After installing these packages you'll need to restart the kernel:

In [1]:
import os

if not os.getenv("IS_TESTING"):
    # インストール後カーネルを自動で再起動
    import IPython

    app = IPython.Application.instance()
    app.kernel.do_shutdown(True)

Finally, check that you have correctly installed the packages. The KFP SDK version should be >=1.6:

In [55]:
!python3 -c "import kfp; print('KFP SDK version: {}'.format(kfp.__version__))"
!python3 -c "import google_cloud_pipeline_components; print('google_cloud_pipeline_components version: {}'.format(google_cloud_pipeline_components.__version__))"

KFP SDK version: 1.8.22
google_cloud_pipeline_components version: 0.1.1


### Step 2: Set your project ID and bucket

Throughout this training you'll reference your Cloud Project ID and the bucket you created earlier. Next you'll create variables for each of those.

Then create a variable to store your bucket name.

In [1]:
PROJECT_ID = "ccbd-ecbdp-bds"
BUCKET_NAME = "gs://ccbd-bds-aa-kfp-test"

### Step 3: Import libraries

Add the following to import the libraries you'll be using throughout this lab:

In [2]:
from typing import NamedTuple

import kfp
from kfp import dsl
from kfp.v2 import compiler
from kfp.v2.dsl import (Artifact, Dataset, Input, InputPath, Model, Output,
                        OutputPath, ClassificationMetrics, Metrics, component)
from kfp.v2.google.client import AIPlatformClient

from google.cloud import aiplatform
from google_cloud_pipeline_components import aiplatform as gcc_aip

### Step 4: Define constants

The last thing you need to do before building the pipeline is define some constant variables. `PIPELINE_ROOT` is the Cloud Storage path where the artifacts created by your pipeline will be written. You're using `asia-northeast1`. as the region here:

In [3]:
PATH=%env PATH
%env PATH={PATH}:/home/jupyter/.local/bin

REGION="asia-northeast1"
PIPELINE_ROOT = f"{BUCKET_NAME}/pipeline_root/"
print(PIPELINE_ROOT)

env: PATH=/opt/conda/bin:/opt/conda/condabin:/usr/local/bin:/usr/bin:/bin:/usr/local/games:/usr/games:/home/jupyter/.local/bin
gs://ccbd-bds-aa-kfp-test/pipeline_root/


After running the code above, you should see the root directory for your pipeline printed. This is the Cloud Storage location where the artifacts from your pipeline will be written. It will be in the format of `gs://<bucket_name>/pipeline_root/`.

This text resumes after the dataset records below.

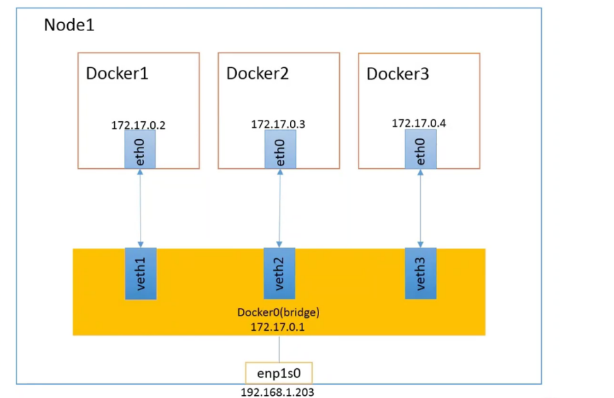 此模式会为每一个容器分配Network Namespace、设置IP等,并将一个主机上的Docker容器连接到一个虚拟网桥上。
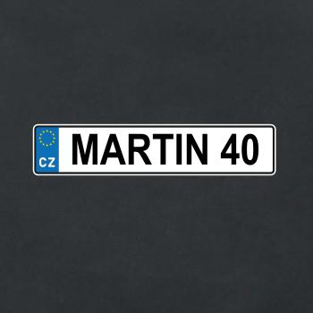 Narozeninové triko s motivem SPZ na auto. Triko pro oslavence Martina, který slaví jubileum 40 let. Dárek ke čtyřicátinám. Narozeninová poznávačka s nápisem Martin 40. Triko s "espézetkou" k narozeninám. Oslav čtyřicátiny s tímhle trikem!
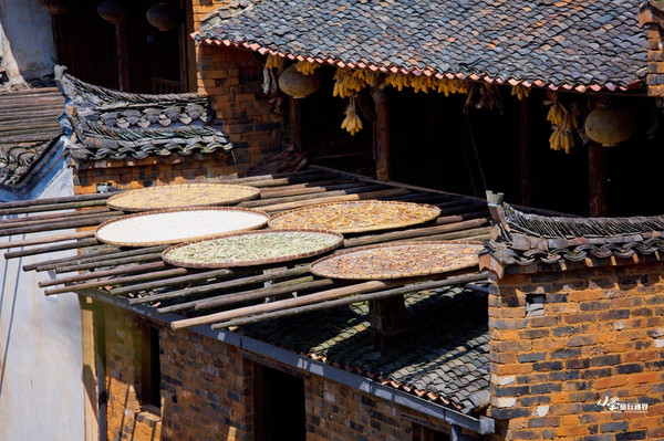 除了秋季,春天的油菜花季是篁岭的另一个最佳旅游时节,若逢天气正好,晒架上也会摆出些许农作物晾晒。
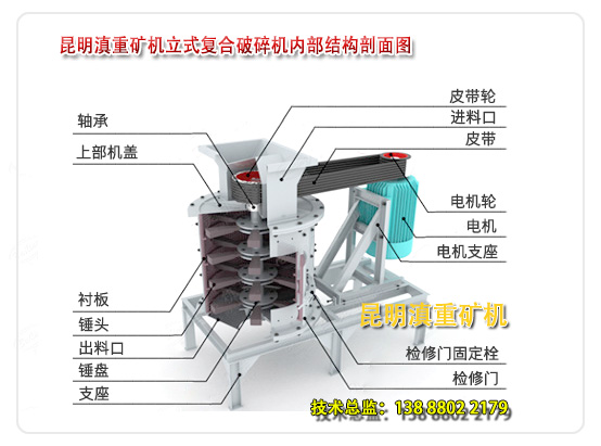 按照整個流程逆序啟動各個設備后,電機驅動立式復合破碎機中心軸、錘盤、錘頭高速轉動,物料由輸送機穩定、連續送入立式復合破碎機上部的進料口,在自身重力作用下進入復合式破碎機的內部破碎腔,與高速旋轉的錘頭發生碰撞發生沖擊式破碎效果,物料吸收沖量后高速反向撞向發生二次破碎,同時物料之間的碰撞也會形成多重破碎作用,在物料在錐形從上部進料口進入直到下落到下部的中隔板上的時間段內,這種往復的多重破碎高頻多次發生,最終形成符合要求的顆粒從下部出料口排出。下面的立式破碎機原理示意動畫看得會更直觀些:
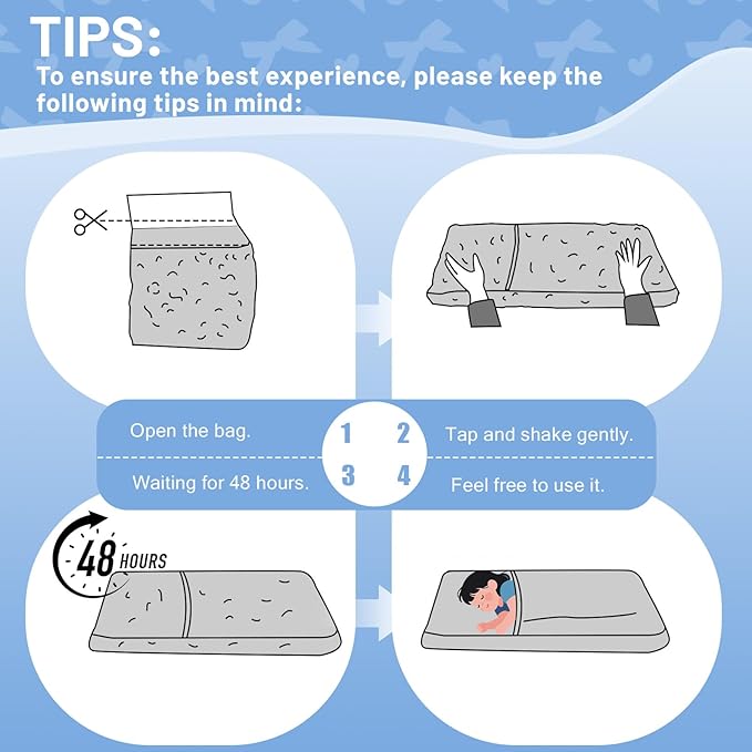 - Inflate 24-72 Hours: The kids' bean bag couch arrives compressed. Shake it initially and continue gently shaking over the next few days to help the filling expand evenly and achieve full rebound

## Creating your first pipeline

- Create a short pipeline using the KFP SDK. This pipeline doesn't do anything ML related (don't worry, you'll get there!), this exercise is to teach you:
    - How to create custom components in the KFP SDK
    - How to run and monitor a pipeline in Vertex Pipelines

- You'll create a pipeline that prints out a sentence using two outputs: a product name and an emoji description. This pipeline will consist of three components:

    - product_name: This component will take a product name as input, and return that string as output.
    - emoji: This component will take the text description of an emoji and convert it to an emoji. For example, the text code for ✨ is "sparkles". This component uses an emoji library to show you how to manage external dependencies in your pipeline.
    - build_sentence: This final component will consume the output of the previous two to build a sentence that uses the emoji. For example, the resulting output might be "Vertex Pipelines is ✨".

### Step 1: Create a Python function based component

Using the KFP SDK, you can create components based on Python functions. First build the `product_name` component, which simply takes a string as input and returns that string.

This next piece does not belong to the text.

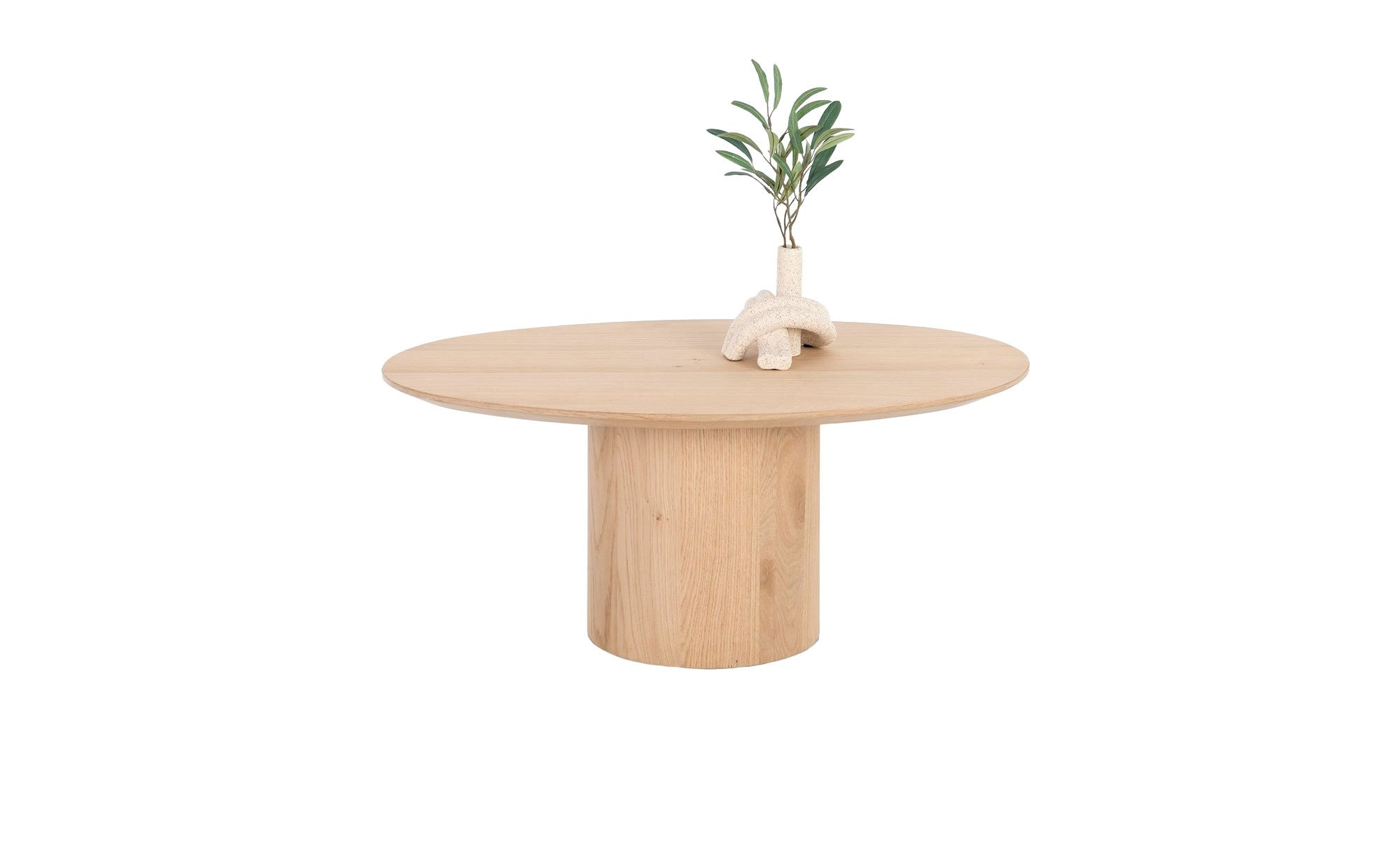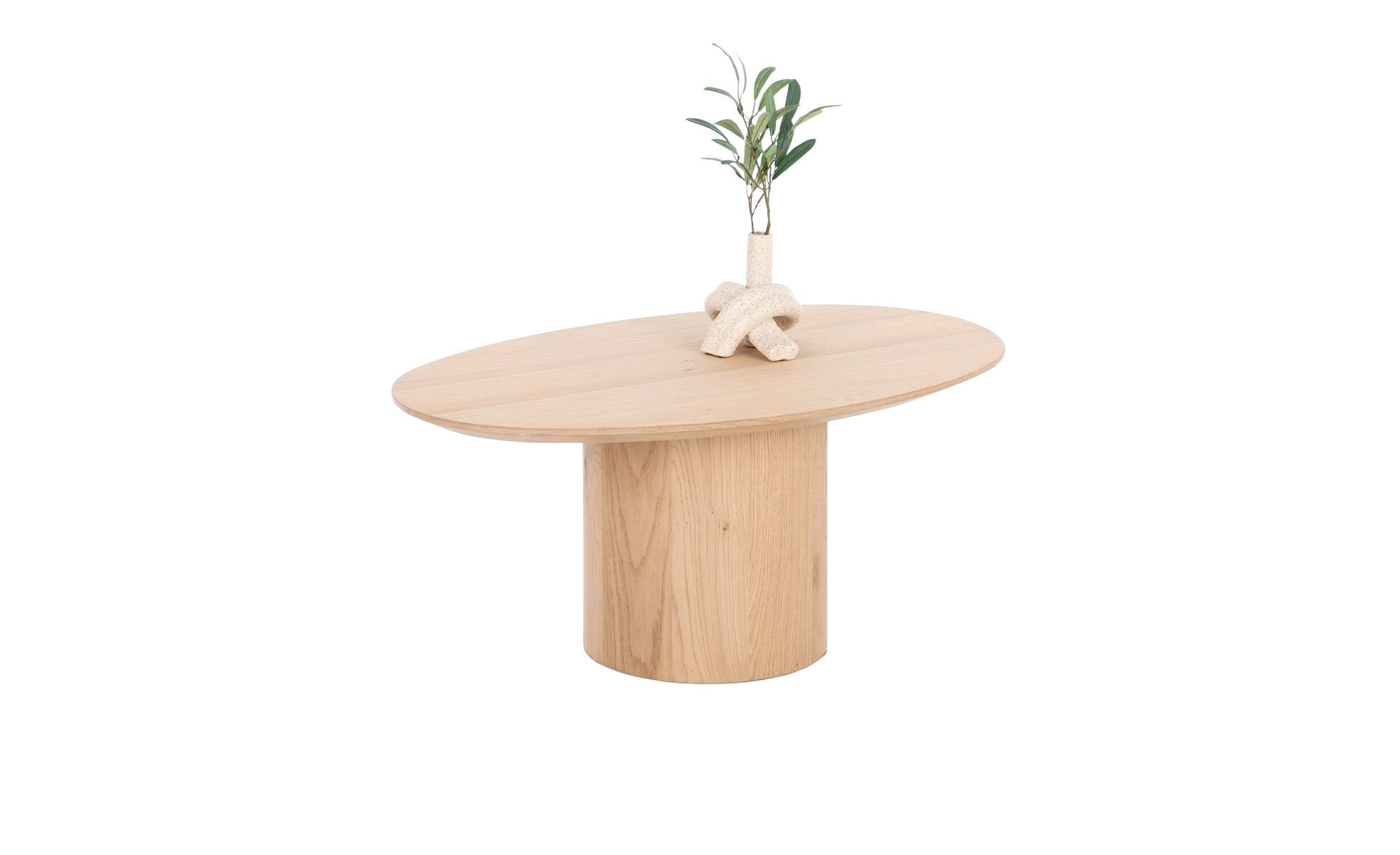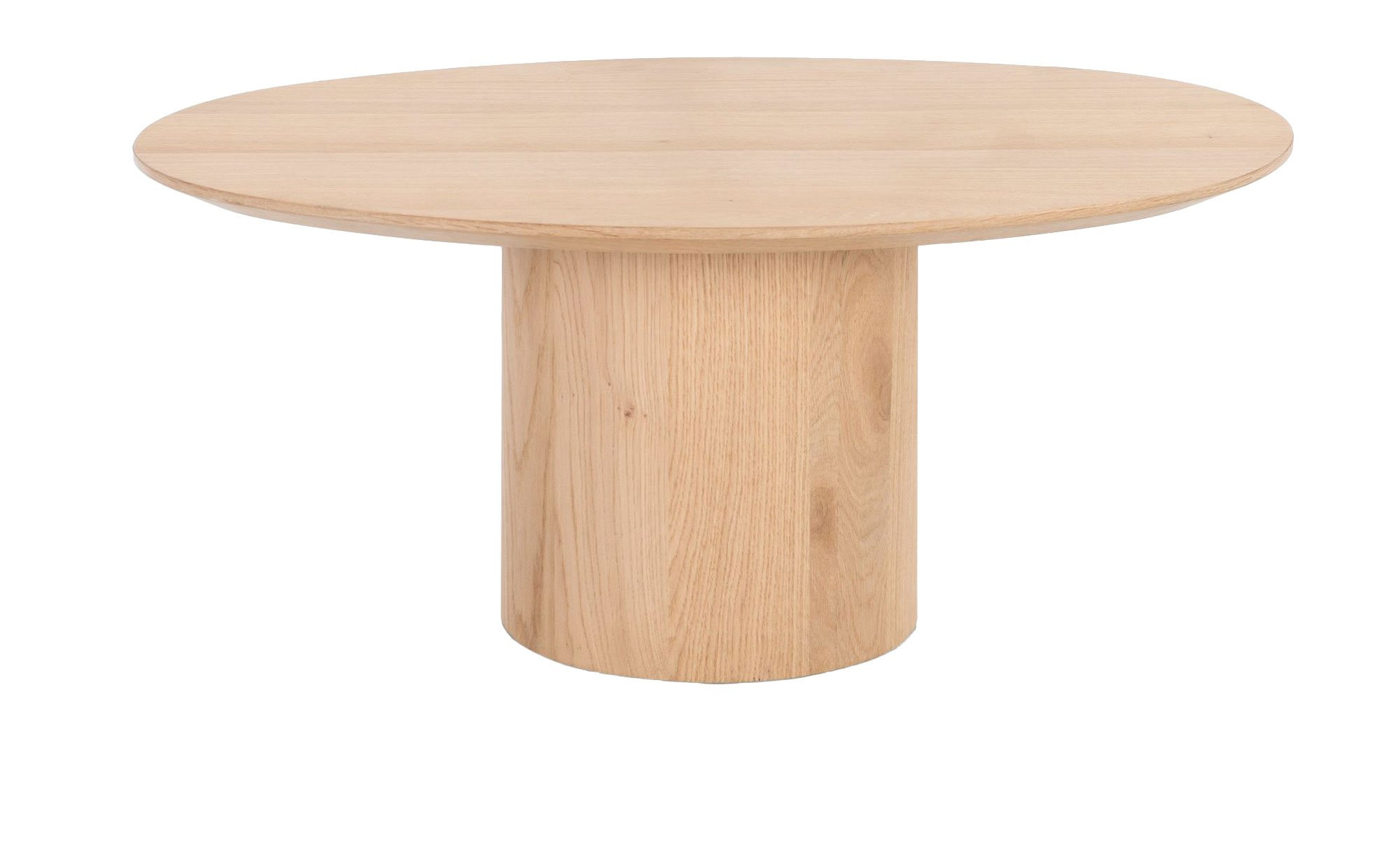 Sowohl die ovale Tischplatte als auch das Säulengestell sind mit einem natürlichen Eichenfurnier versehen und verleihen dem Möbelstück damit eine warme Ausstrahlung. Für eine optimale Standfestigkeit ist der Fuß auf der Innenseite beschwert, wodurch die Stabilität des ca. 51 x 35 x 80 cm großen Tisches gewährleistet wird.

- Add the following to your notebook:

In [4]:
@component(base_image="python:3.9", output_component_file="first-component.yaml")
def product_name(text: str) -> str:
    return text

Take a closer look at the syntax here:

- The `@component` decorator compiles this function to a component when the pipeline is run. You'll use this anytime you write a custom component.
- The `base_image` parameter specifies the container image this component will use.
- The `output_component_file` parameter is optional, and specifies the yaml file to write the compiled component to. After running the cell you should see that file written to your notebook instance. If you wanted to share this component with someone, you could send them the generated yaml file and have them load it with the following:

In [5]:
product_name_component = kfp.components.load_component_from_file('./first-component.yaml')

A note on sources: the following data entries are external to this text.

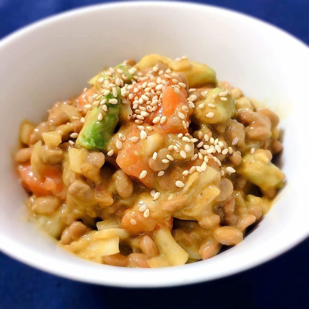 2.ビタミンEで冷え対策!サーモンとアボカドの納豆ユッケ
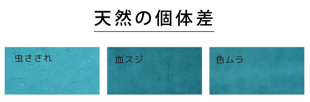 合皮やナイロンなど人の手でつくられた均一的な質感の素材と違い、命ある動物の革には、その動物が生きてきたことを物語る傷やシワ、毛穴や虫さされなど、さまざまな個体差が見られます。
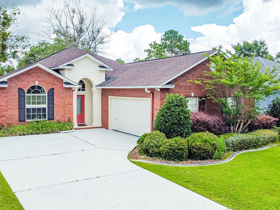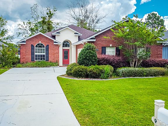 Large 3 bed / 2-bathroom open flow, Gorgeous custom built Brick Home with all tile and hardwood flooring, and a 2 1/2 car garage. This home features a split bedroom floor plan, great room with 12' ceilings. Entering the front door, the dramatic foyer has 12' ceilings that lead into the large great room with bay windows, an electric fireplace, and even a built-in surround system. Ample sized kitchen offers SS appliances, granite countertops, and lots of cabinet space for a pantry and other storage. The large master bedroom is completed with an en-suite bathroom with a corner Whirlpool garden tub with a New Frame-less separate shower and an in-wall electric fireplace to complete the ambiance. Finishing it off is the Dual walk-in separate his/hers closets.with his having an in-floor safe for that extra safety hide-a-way if needed. Right outside your back door, you will be greeted by the inviting backyard. It is fully fenced in and has a hardscape patio with a custom built-in pergola. Washing machine and dryer left for convenience. Home prewired for First Alert alarm system if you choose to have one. Conveniently located to the I10 off-ramp, several military bases, 1.4 mile to the closest boat ramp, 22 min to Blackwater river sports, 24 min to Naval Air Station Whiting Field, 45 min to Hurlburt Field. Sorry no cats, but dogs will be considered with a full pet application. Lease includes landscaping services.

The `-> str` after the function definition specifies the output type for this component.

### Step 2: Create two additional components

1. To complete the pipeline, create two more components. The first one takes a string as input, and converts this string to its corresponding emoji if there is one. It returns a tuple with the input text passed, and the resulting emoji:

In [6]:
@component(base_image="python:3.9", output_component_file="second-component.yaml", packages_to_install=["emoji"])
def emoji(
    text: str,
) -> NamedTuple(
    "Outputs",
    [
        ("emoji_text", str),  # Return parameters
        ("emoji", str),
    ],
):
    import emoji

    emoji_text = text
    emoji_str = emoji.emojize(':' + emoji_text + ':', language='alias')
    print("output one: {}; output_two: {}".format(emoji_text, emoji_str))
    return (emoji_text, emoji_str)

This component is a bit more complex than the previous one. Here's what's new:

- The `packages_to_install` parameter tells the component any external library dependencies for this container. In this case, you're using a library called emoji.
- This component returns a `NamedTuple` called `Outputs`. Notice that each of the strings in this tuple have keys: `emoji_text` and `emoji`. You'll use these in your next component to access the output.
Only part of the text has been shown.